Isabelle Legeron MW is France’s first female Master of Wine—one of only 416 MWs worldwide—and has been honored with the Madame Bollinger award for Excellence in Tasting and the Villa Maria award for Viticulture, and is also the recipient of the ‘Wine Woman of the Year’ award in Paris. Having decided to dedicate her work to helping people think about what they drink and promoting the need for transparency in the wine world, in 2012 she created RAW WINE, which has grown to become the world’s largest community of low-intervention organic, biodynamic and natural wine producers. Featuring annual fairs in London, Berlin, New York, Los Angeles and Montréal, RAW WINE leads the charge globally for fine, clean, low-intervention wine, and is commonly considered ‘the fair of note for artisan and natural wines’ (El Mundo) and by many in the industry as ‘showing the world the right approach to wine’ (Ottolenghi). 
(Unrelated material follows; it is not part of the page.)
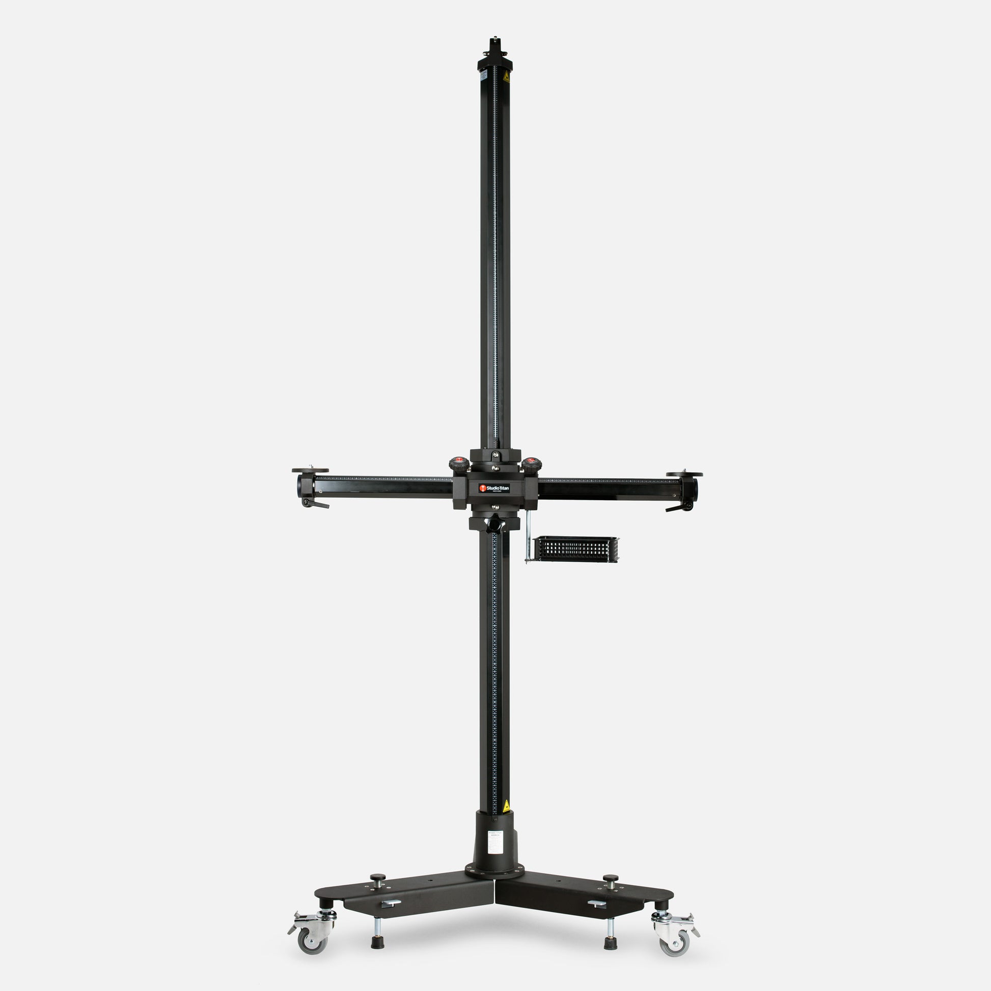 The STA 01-350 MK2 [updated MK2 version] is designed for commercial photography and optical measurement systems. It features a center column height reaching 240cm/94.4 inches and a horizontal arm width of 100cm /39.3 inches. The base is heavily weighted for added stability. The STA 01-350 MK2 provides additional reinforcement of the Horizontal Arm/Bar by a newly designed heavy-duty interface plate. The plate provides two additional bolts strategically located, one on each side of the vertical carriage, for a total of 4 bolts.

A huge advocate of organic farming practices and proper living wines, Isabelle does not sit on the fence. For her, the world’s best wines are natural and that is all she personally drinks. Although initially considered a bit of a misfit by her industry, her work is today internationally acclaimed. She was chosen as one of the “most innovative women in food and drink” by Fortune, as one of the Dream Team of the 50 most influential French people in the world by Vanity Fair, and even as one of “the 50 most influential travellers of our time” according to Conde Nast Traveller. Perhaps best of all though, she was honoured to have won the first WSET Outstanding Alumni Award, which was voted on by her peers from across the world. 
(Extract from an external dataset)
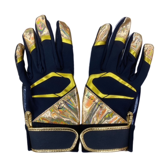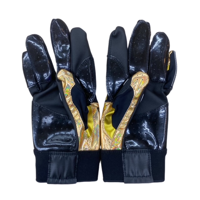 カッターズ(CUTTERS) バッティング手袋 両手用 パワーコントロール 3.0 品番:B442 カラー:ブラック×イリディセントゴールド(BIG) サイズ S(16.3-18.0cm) M(18.0-18.8cm) L(18.8-19.6cm) XL(19.5-20.3cm) 人差し指の先端~手首までの長さ 素材:合成皮革 機能・特徴 革新的グリップ素材「C-TACK」:独自のグリップ素材が高いグリップ力と耐久性を実現。 復活するグリップ力:湿らせた布や水で汚れを落とせばグリップ力が何度でも復活。 全天候対応:晴れでも、雨でも、驚異のグリップ力を発揮 丸洗い可能 原産国:インドネシア

Her first book, Natural Wine: an introduction to organic and biodynamic wines made naturally (published by RPS CICO), was shortlisted for the Fortnum & Mason Best Drinks Book as well as the Louis Roederer and André Simon awards. Described by The World of Fine Wine as “an infectious, accessible guide [that]… may prove to be the most important wine book yet written”, it is available in English, French, Italian, Cantonese, Japanese, Russian, Ukranian, Korean and German.